I have a triangle $\triangle ABC$ with vertices $A$, $B$ and $C$ with $\angle BAC = 45^\circ$ and $\angle ABC = 30^\circ$. Point $M$ is the center of the $BC$. Find $\angle AMC$.
This is not my homework, it's a little girl's, so she can't use trigonometric equations or anything after special lines in triangles.
Thanks in advance!
On
Let $\measuredangle AMC=x$.
Hence, $$\frac{MC}{\sin(75^{\circ}-x)}=\frac{AC}{\sin{x}}$$ and $$\frac{BM}{\sin(x-30^{\circ})}=\frac{AB}{\sin{x}},$$ which gives $$\frac{\sin(x-30^{\circ})}{\sin(75^{\circ}-x)}=\frac{\sin30^{\circ}}{\sin105^{\circ}}$$ or $$\sin{x}\cos30^{\circ}-\frac{1}{2}\cos{x}=2\sin15^{\circ}(\sin75^{\circ}\cos{x}-\cos75^{\circ}\sin{x})$$ or $$\tan{x}=\frac{2\sin15^{\circ}\sin75^{\circ}+\frac{1}{2}}{\cos30^{\circ}+2\sin15^{\circ}\cos75^{\circ}}$$ or $$tan{x}=\frac{\cos60^{\circ}-\cos90^{\circ}+\frac{1}{2}}{\cos30^{\circ}+\sin90^{\circ}-\sin60^{\circ}}$$ or $$\tan{x}=1,$$ which gives $$x=45^{\circ}.$$
On
Let $A_1$ be on circumcircle of $\Delta ABC$, such that $A_1$ placed on an arc $BAC$ and $\measuredangle MA_1C=30^{\circ}$.
Let $BK$ be an altitude of $\Delta A_1BC$ and $MK$ is an altitude of $\Delta MA_1C$.
Since $M$ is a midpoint of $BC$, we obtain $MN=\frac{1}{2}BK$ and since $\measuredangle MA_1C=30^{\circ}$,
we see that $MN=\frac{1}{2}A_1M$.
Thus, $A_1M=BK$.
But $\measuredangle BA_1C=\measuredangle BAC=45^{\circ}$,
which gives $BK=A_1K$ and from here $A_1M=A_1K$,
which says that $\measuredangle MKA_1=\frac{180^{\circ}-30^{\circ}}{2}=75^{\circ}$.

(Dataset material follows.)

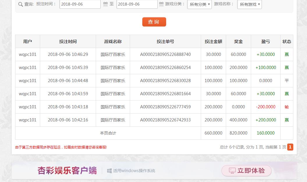 [|赢单奖励] 9月6日杏彩盈利160元 |

But $MK=MB=MC$, which says that $\measuredangle BCK=75^{\circ}$, which gives $\measuredangle BCA_1=105^{\circ}$.
But we know that $\measuredangle BCA=105^{\circ}$, which gives $A\equiv A_1$.
Thus, $\measuredangle BAM=15^{\circ}$ and $$\measuredangle AMC=\measuredangle ABM+\measuredangle BAM=30^{\circ}+15^{\circ}=45^{\circ}$$ and we are done!

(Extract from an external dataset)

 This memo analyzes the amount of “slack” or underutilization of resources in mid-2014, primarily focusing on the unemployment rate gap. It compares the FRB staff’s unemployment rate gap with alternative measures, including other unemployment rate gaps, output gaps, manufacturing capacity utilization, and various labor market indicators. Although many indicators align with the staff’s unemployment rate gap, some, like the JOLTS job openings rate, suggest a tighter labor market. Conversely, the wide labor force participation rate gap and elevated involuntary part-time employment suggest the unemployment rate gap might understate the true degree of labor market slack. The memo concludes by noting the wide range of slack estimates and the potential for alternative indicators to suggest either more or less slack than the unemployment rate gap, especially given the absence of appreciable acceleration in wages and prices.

Let $X$ on $AB$ be the foot of the altitude through $C$.
Since $\angle BAC = 45^\circ$, $\angle ACX = 45^\circ$, $\triangle AXC$ is isoceles and $AX = CX$.
Since $\angle CBA = 30^\circ$, $\angle XCB = 60^\circ$, $\triangle XBC$ is half of an equilateral triangle and $CX : BC = 1 : 2$.
Since $M$ is midpoint of $BC$, $CX = CM$ and $\triangle XCM$ is equilateral.
This implies $XM = CM = BM$, $\triangle XBM$ is isosceles and $\angle BXM = \angle MBX = 30^\circ$.
Since $AX = CX = XM$, $\triangle AXM$ is also isosceles with $\angle XAM = \angle AMX = \frac12 \angle BXM = 15^\circ$.
From this, we find
$$\begin{align} \angle CMA &= 180^\circ - \angle AMX - \angle XMB \\ &= 180^\circ - \angle AMX - (180^\circ -\angle BXM - \angle MBX )\\ &= \angle BXM + \angle MBX - \angle AMX\\ &= 30^\circ + 30^\circ - 15^\circ\\ &= 45^\circ\end{align}$$